The advent of M-PESA, a successful mobile money deployment in Kenya, raises the question of why such efforts have difficulty replicating in countries that are seemingly ripe for the use of mobile phones to increase access to financial services. If a large chunk of the population has a mobile phone in their hands, but they don’t have access to bank accounts, then they should be able to link the two together and solve the problem. This sounds reasonable in theory, but financial services are not offered in silo – they are primarily informed by regulations and a legal framework, which varies from country to country.

One reason why M-PESA may be a one hit wonder is due to Kenya’s regulatory environment with regard to mobile money, which was non-existent when Safaricom, the largest telecom operator in the country, first started M-PESA. As a result, regulations in Kenya were created as a reaction to a telecommunications company offering banking services, rather than a proactive central bank guiding the development of a banking innovation. By the time regulations came out of Kenya, M-PESA had reached scale. The likelihood of a similar trajectory happening in other countries, where banking industries may be more active in influencing policy or where regulators are proactively putting in place measures to control financial services beyond bank branches, is slim.

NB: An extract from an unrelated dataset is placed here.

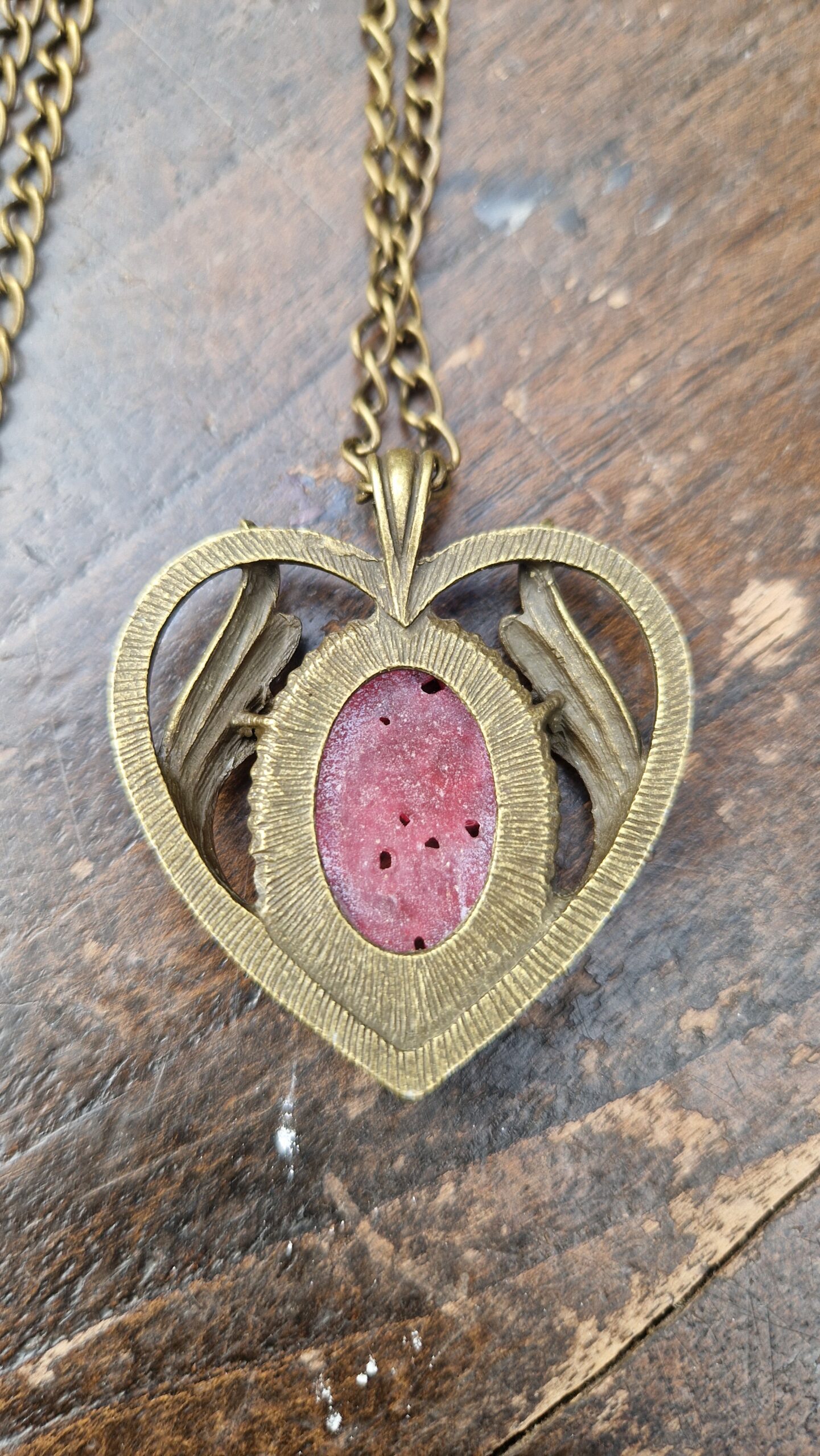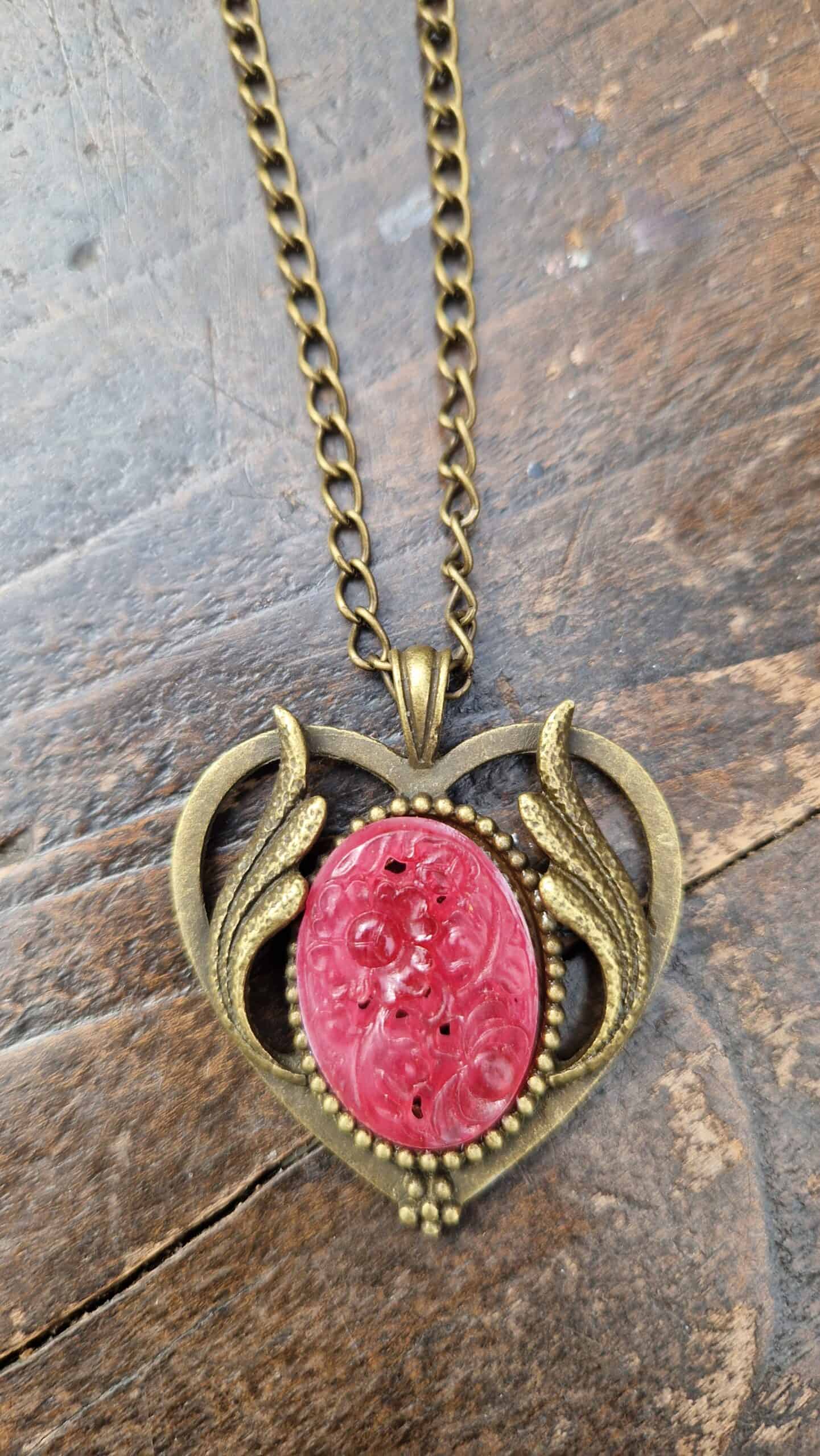 Mooie lange ketting van messing. Jugendstil hanger met een zee-glas caboucon uit de jaren 60. met de handgesneden uit Engeland.

SBI’s South Asia team handles active projects in Bangladesh, India, and Pakistan, and all three countries are seeing exciting developments in mobile banking. Interestingly, the three countries also have different regulatory environments, and this leads to the creation of varied business models. Pakistan’s progressive financial regulatory environment has a central bank at its helm that is encouraging banks to roll out branchless banking services. Banks are responding enthusiastically and are looking to link up with new channels. Bangladesh, after a period of ambiguity, is now offering payment systems operator and payment system provider licenses to banks and third-party financial service providers. In both these countries, telcos will not lead, but may be a key partner as banks develop mobile banking channels.

The Reserve Bank of India has had a more cautious approach by first allowing banks to use third-party business correspondents (BCs) to deliver financial services outside bank branches – but for a long time, had restrictions on nonbanks accepting funds from the public and did not allow e-money issuance and transfer by nonbanks. That has changed more recently, allowing even for-profit entities to become BCs. On top of that, India has the Inter-bank Mobile Payment System (IMPS), a switch which allows transactions from one bank account transfer to an account from another bank via a mobile phone. India will see a whole different set of businesses pop up around aggregating these BCs and linking them back to banks.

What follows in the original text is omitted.